The aim of our research is to understand how genome stability is maintained in response to DNA double-strand breaks, and to exploit our findings to target cancer.
Exposure to ionizing radiation (IR) can cause chromosome breaks, in which both DNA strands are broken. In addition to causing cell death (the desired outcome during radiation therapy), such lesions can also cause chromosomal rearrangements and genome instability, a hallmark of cancer cells. We are focusing on the early events and chromatin modifications in DNA double-strand break (DSB) repair and misrepair. Further, we are exploiting our findings to develop novel targeted cancer therapies in the clinic.
A role for the chromatin mark H3K36me3 in DNA repair
DNA is tightly wrapped up around proteins called histones to form chromatin. We have studied a chromatin mark, (histone H3 lysine 36 trimethylation), which is frequently lost in some human cancers, including 60% of clear cell renal cell carcinomas (kidney cancers) and associated with poor prognosis. From our studies using the fission yeast Schizosaccharomyces pombe, we found a role for Set2, (the histone H3K36 methyltransferase) in facilitating DSB repair. We further defined a central role for H3 lysine 36 trimethylation (H3K36me3) in promoting homologous recombination (HR) repair of DSBs, and maintaining genome stability in human cells. We found that loss of SETD2, and subsequently other HR repair factors, including RPA, BRCA1 or BRCA2, led to significantly elevated levels of DSB misrepair through use of the microhomology-mediated end joining (MMEJ) pathway. Our findings have identified a more general role for HR repair factors in maintaining genome stability by both promoting error-free HR repair and by suppressing mutagenic MMEJ repair of DSBs.

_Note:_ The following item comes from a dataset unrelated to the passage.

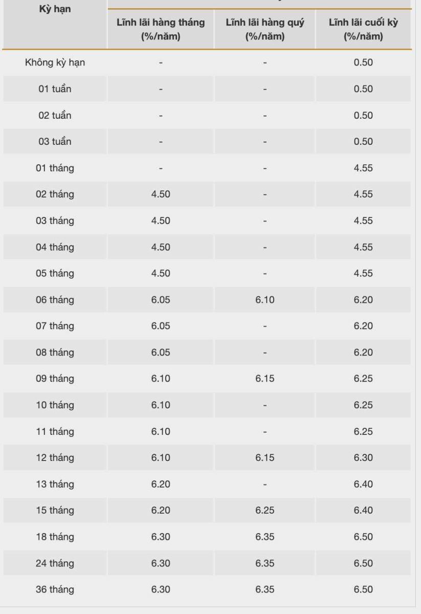 Thông tin về lãi suất chỉ mang tính chất tham khảo và có thể thay đổi trong từng thời kỳ. Vui lòng liên hệ điểm giao dịch ngân hàng gần nhất hoặc hotline để được tư vấn cụ thể.

Targeting histone H3K36me3-deficient cancers
We have exploited a powerful genetic approach (synthetic lethality) using yeast and human systems to identify drugs, which specifically kill histone H3K36me3-deficient cancers. From our initial observations in fission yeast, we identified a conserved synthetic lethal interaction between loss of SETD2 and WEE1 inactivation. Surprisingly, we found that cell death in this context arises through replicative catastrophe, resulting from critically low deoxyribonucleotide (dNTP) levels, leading to DNA damage and apoptosis. Mechanistic analysis indicated that H3K36me3 loss resulted in reduced expression of the ribonucleotide reductase subunit, RRM2, and to reduced dNTP supply. Further, WEE1 inhibition, using the potent WEE1 inhibitor AZD1775, led to degradation of RRM2, thus depleting dNTPs, and to elevated DNA replication origin firing, thereby increasing dNTP demand. Importantly, we found that treatment of H3K36me3-deficient cancer xenografts with AZD1775 caused cancer regression without signs of toxicity. Having developed a biomarker to detect H3K36me3 loss in patient samples, the use of the WEE1 inhibitor, AZD1775, has now been taken into clinical trials to target H3K36me3-deficient cancers.